I really believed in your crocodile tears
And suffered at the exhibition of your suffering;
A little for myself also at the breaking of an old tie,
A habit grown as comfortably pleasant
As the wearing of a friendly dressing-gown.
For we had passed the stage of exhilaration
And reached the solace of a quiet domesticity.
I was prepared to linger over it in retrospect,
Not too unhappily, for had we not agreed a thousand times
That this sundering was merely geographical.
And now a month has passed and not a word have I had from you,
Not so much as a scrawl to say you could not write!
Fate lays innumerable springes for persons of imagination.
Because I wished to believe,
I saw in your Byronic gesture of woe,
Not what it purported to be, certainly,
But something not too different.
You cast a larger shadow than yourself, that I realized.

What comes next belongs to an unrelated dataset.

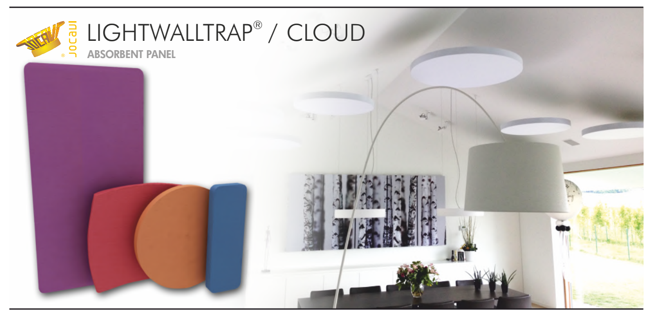
Image of 180x90cm, of the new 90x90cm cloud shape, the 90cm circular panel and 90x30cm model Ref.:LIG180, LIGC090, LIGR090 and LIG030 (on the left) and Ref.:LIGR090 model appplied (ambient image).

But even I, who should have known better,
Believed it was your shadow.
I crave your pardon for my blunder.
The mask was well assumed,
I should have been critical enough to understand it was an artistic production.
I congratulate you on the verisimilitude of it,
But I shall not be fooled again, be sure of that.
In future I shall see you as you are:
A plaster figure of a man that's grown a little dusty.
We all have knick-knacks round which once meant something.
It is rather a wrench to take them from their niches,
But life goes on, imperious, and bric-a-brac accumulates.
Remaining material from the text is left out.